The Apostrophe Engine was used for the first time on April 18, 2001, and existed on a private Web server for the next five years. As of April 19, 2006, the Apostrophe Engine is available to the public at apostropheengine.ca.

The home page of the Apostrophe Engine site presents the full text of a poem called “apostrophe,” written by Bill in 1993. In this digital version of the poem, each line is now a hyperlink.

When a reader/writer clicks on a line, it is submitted to a search engine, which then returns a list of Web pages, as in any search. The Apostrophe Engine then spawns five virtual robots that work their way through the list, collecting phrases beginning with “you are” and ending in a period. The robots stop after collecting a set number of phrases or working through a limited number of pages, whichever happens first.

Next, the Apostrophe Engine records and spruces up the phrases that the robots have collected, stripping away most HTML tags and other anomalies, then compiles the results and presents them as a new poem, with the original line as its title ... and each new line as another hyperlink.

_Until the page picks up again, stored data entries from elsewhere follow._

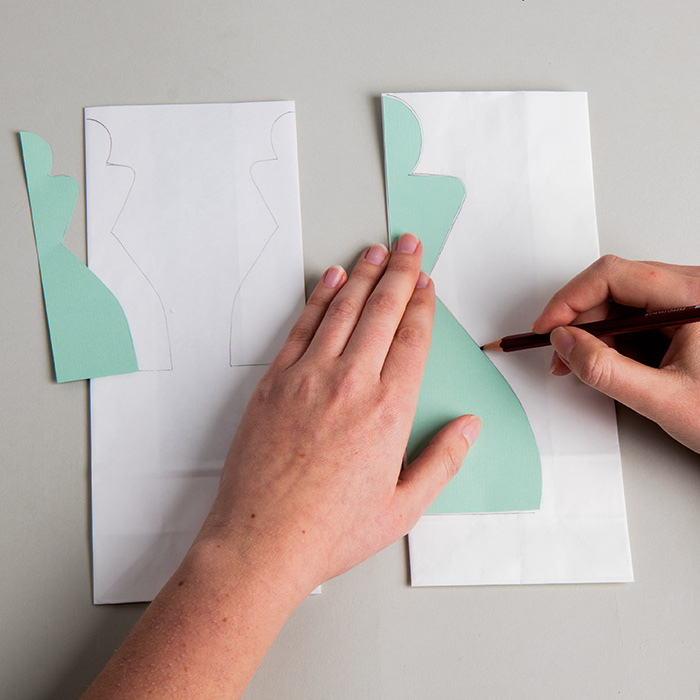 Iz tršega kartona si pripravi šablone (angela in krila). Šablono angela položi na papirnato vrečko s ploščatim dnom (spodnja stran naj bo zadaj) in s svinčnikom obriši obris šablone.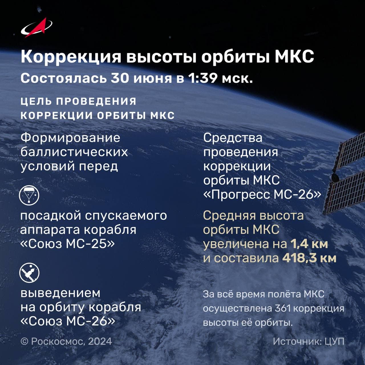 По сообщению «Роскосмоса», в 01:39 мск включились двигатели «Прогресса МС-26», которые проработали 536 секунд, выдав импульс величиной 0,78 м/с. В результате средняя высота орбиты станции увеличилась на 1,36 км и составила 418,25 км над поверхностью Земли.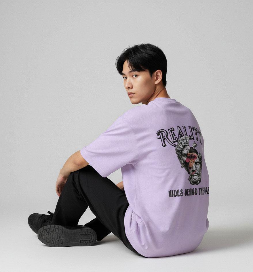 This lavender oversized T-shirt carries a unique “Reality Hides Behind The Mask” design that combines artistic detailing with modern street style.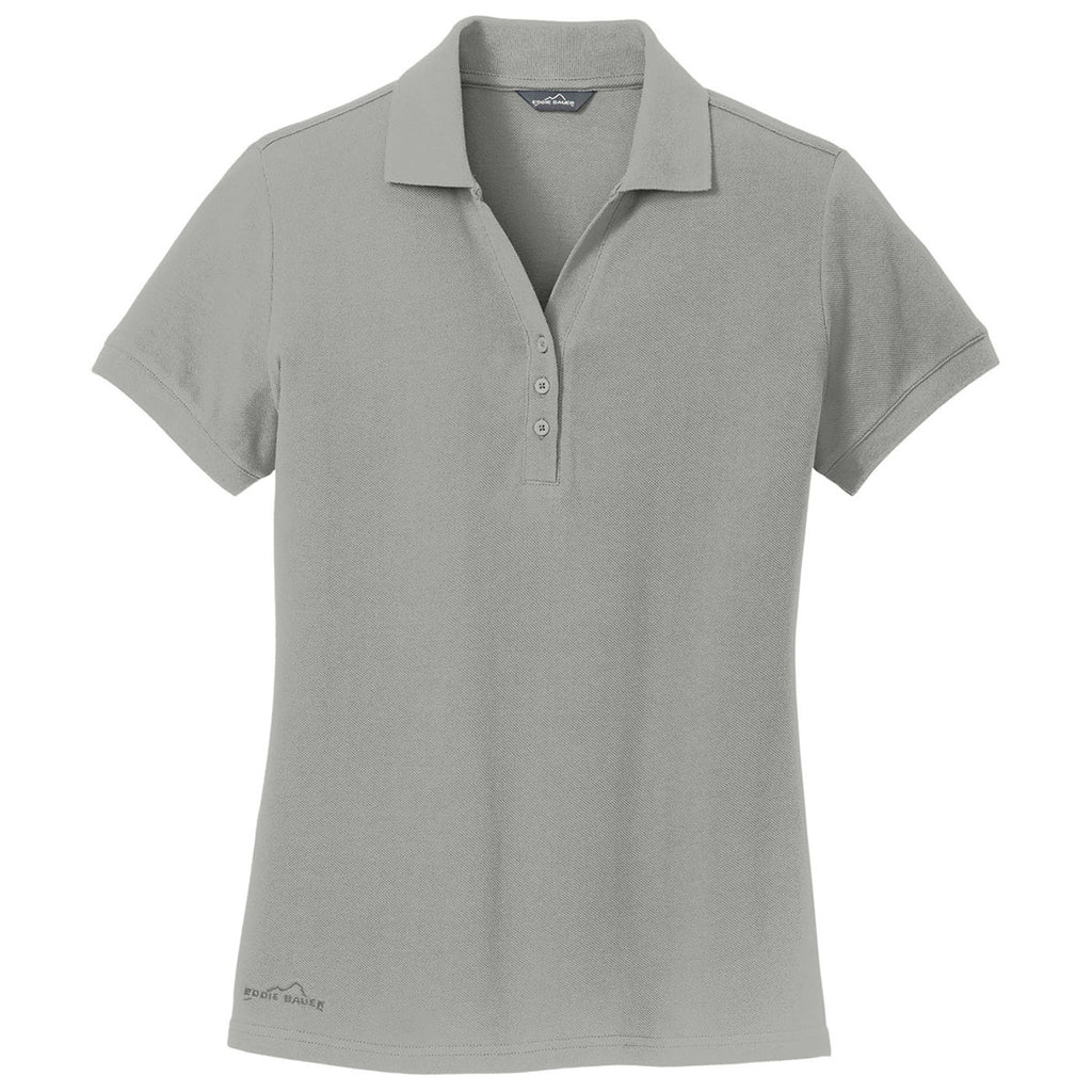 Between a 100% cotton pique fabric construction, a flat-knit collar, side vents, and solid, durable Eddie Bauer buttons, you know that this Eddie Bauer Women's Chrome Cotton Pique Polo isn't just here to sit in your closet and never be used. It's ready for adventure. It can handle the weather, the washer/dryer, and, perhaps more importantly, the hustle and bustle of everyday life. And since it has a contoured fit and plenty of style, that means you can go about your business looking as stylish as you'd like. Add your custom logo to this pique polo via our embroidery process. Ready for everyday adventures, this durable polo resists fading, shrinking and pilling. The slight basket weave texture of the pique knit enhances the natural softness of the cotton.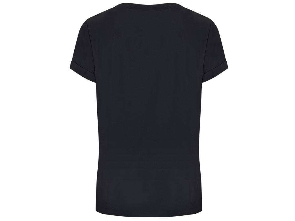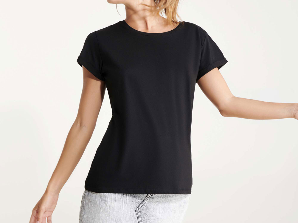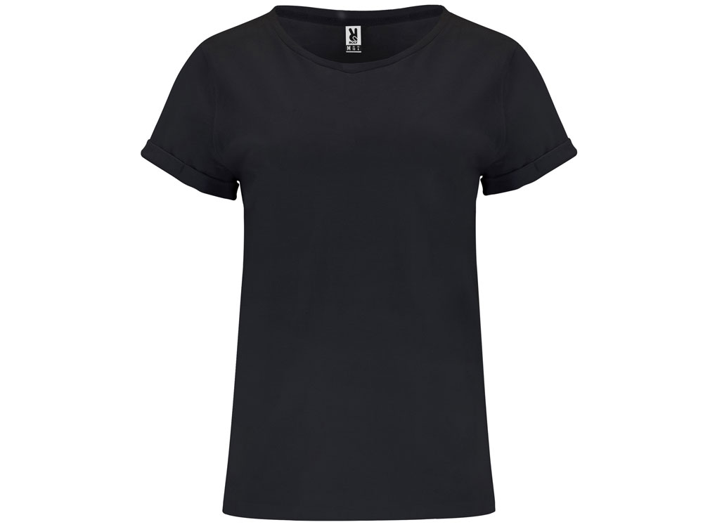 Футболка с коротким рукавом. Круглый вырез горловины отделан основным полотном. На рукавах подвороты закреплены в 4 местах.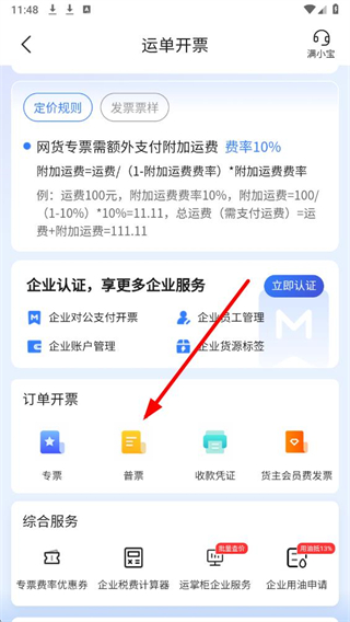 3、在运单开票页面,点击普票选项,进入普票服务页面后。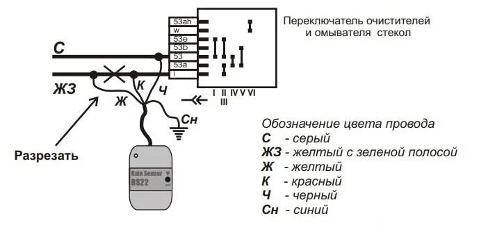 Способ и схема подключения, а также тип совместимого датчика (ДДА-15, ДДА-25 и т. д.) напрямую зависит от конкретной модели автомобиля. К примеру, для Hyundai Creta, а также других моделей Hyundai и Kia, в которых управление работой стеклоочистителей организовано через отдельный провод, подойдёт датчик ДДА-70. Распиновка датчика дождя RS-22 для ВАЗ показана на иллюстрации ниже.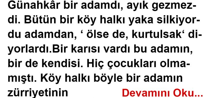 Günahkâr bir adamdı, ayık gezmezdi. Bütün bir köy halkı yaka silkiyordu adamdan, ‘ ölse de, kurtulsak ‘ diyorlardı. Bir karısı vardı bu adamın, bir de kendisi. Hiç çocukları olmamıştı. Köy halkı böyle bir adamın...
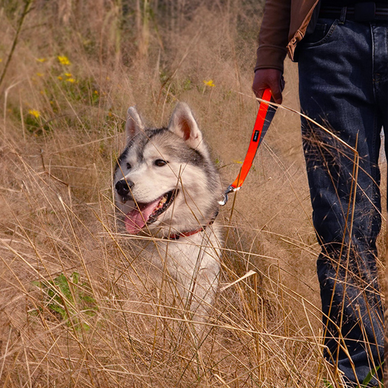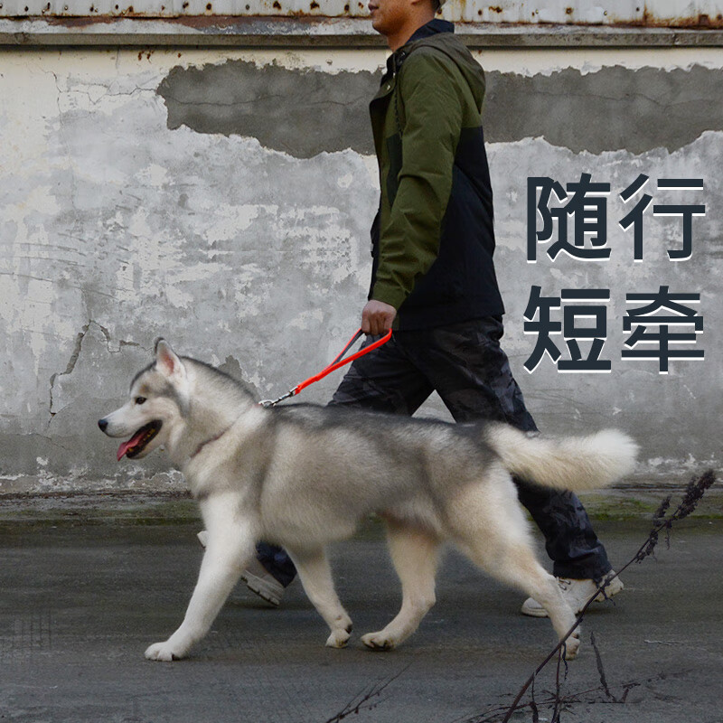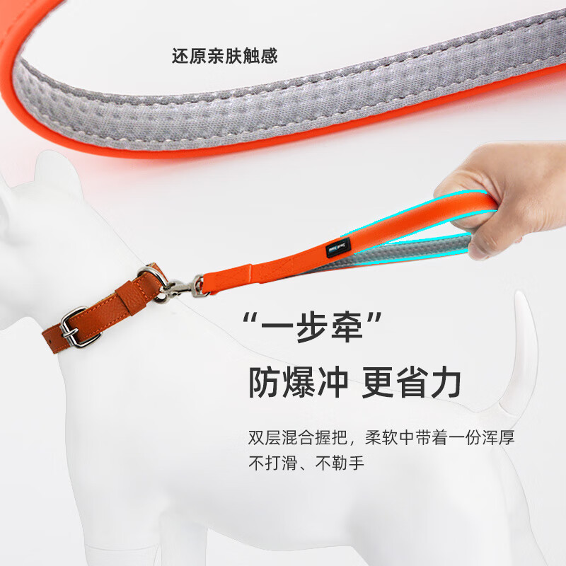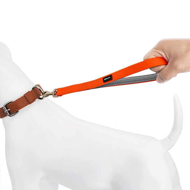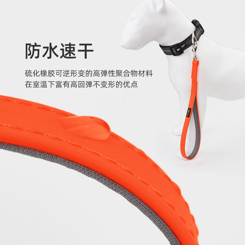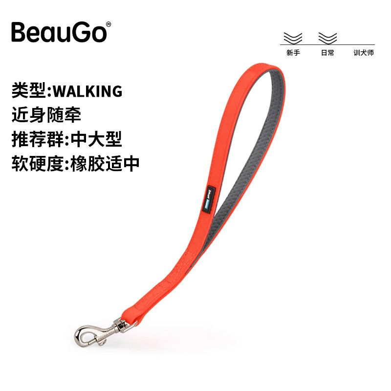 BeauGo防水橡胶宠物狗狗牵引绳中大型犬训练训犬一步牵短绳35CM 朱砂橙 19mm宽度 L号

At any given time, the online version of “apostrophe” is potentially as large as the Web itself. The reader/writer can continue to burrow further into the poem by clicking any line on any page, sliding metonymically through the ever-changing contents. Moreover, because the contents of the Web is always changing, so is the contents of the poem. The page it returns today will not be the page that it returns next week, next month, or next year.

[source: project website]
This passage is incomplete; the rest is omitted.